■ **WORK TO BE COMPLETED**
Find the line containing "在沉默中,德羅贊爆發了。過去" in the material below, then please transcribe it and each line after it exactly, without the pictures.

■ **THE DATA**
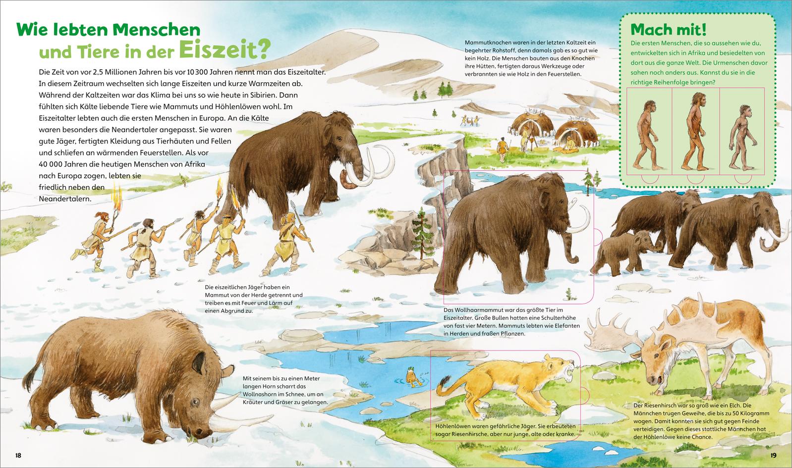 Das Thema des Junior-Bandes umfasst nicht weniger als 450 Millionen Jahre! Wir sind dabei, als aus dem Meer riesige Tiere an Land kommen, aus denen später die Dinosaurier werden. Wie sehen sie aus, wie leben sie? Was macht ihre riesige Vielfalt aus, und warum können sie doch nicht überleben? Der zweite Teil nicht minder spannend: Die Urzeittiere, Urnashorn und Feuertier, Säbelzahnkatze und Mammuts sind legendär. Was gibt es über sie an gesichertem Wissen? Entdecker-Klappen, erstaunliche Rekorde, kleine Rätsel und Spiele flankieren den abenteuerlichen Weg durch die Zeiten.
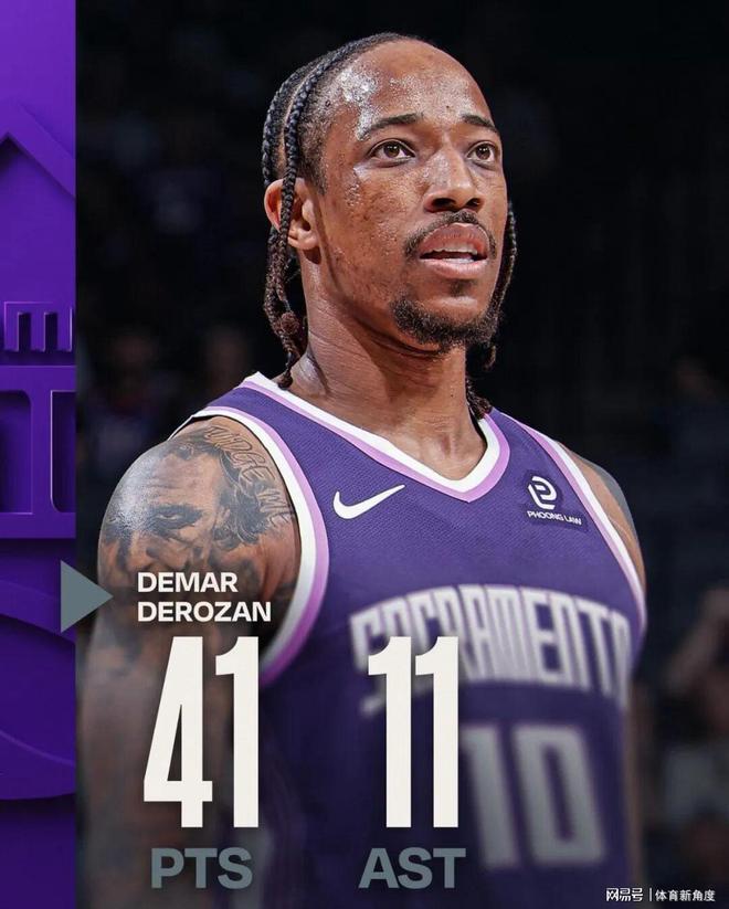 在沉默中,德羅贊爆發了。過去三場比賽場均38.5分鐘,轟下35.7分8.0助攻,投籃命中率高達68.4%。連續刷新兩項超級紀錄。
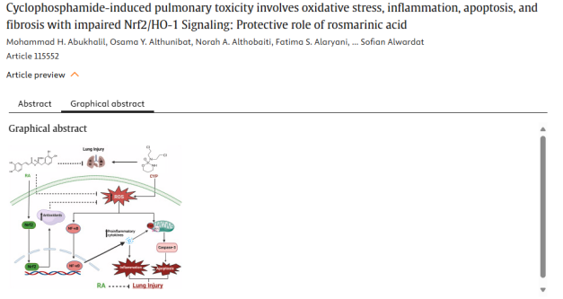 34. 环磷酰胺诱导肺毒性机制涉及氧化应激、炎症、凋亡与纤维化并伴Nrf2/HO-1通路受损:迷迭香酸的保护作用

■ **SOLUTION TO THE EXERCISE**
 在沉默中,德羅贊爆發了。過去三場比賽場均38.5分鐘,轟下35.7分8.0助攻,投籃命中率高達68.4%。連續刷新兩項超級紀錄。
 34. 环磷酰胺诱导肺毒性机制涉及氧化应激、炎症、凋亡与纤维化并伴Nrf2/HO-1通路受损:迷迭香酸的保护作用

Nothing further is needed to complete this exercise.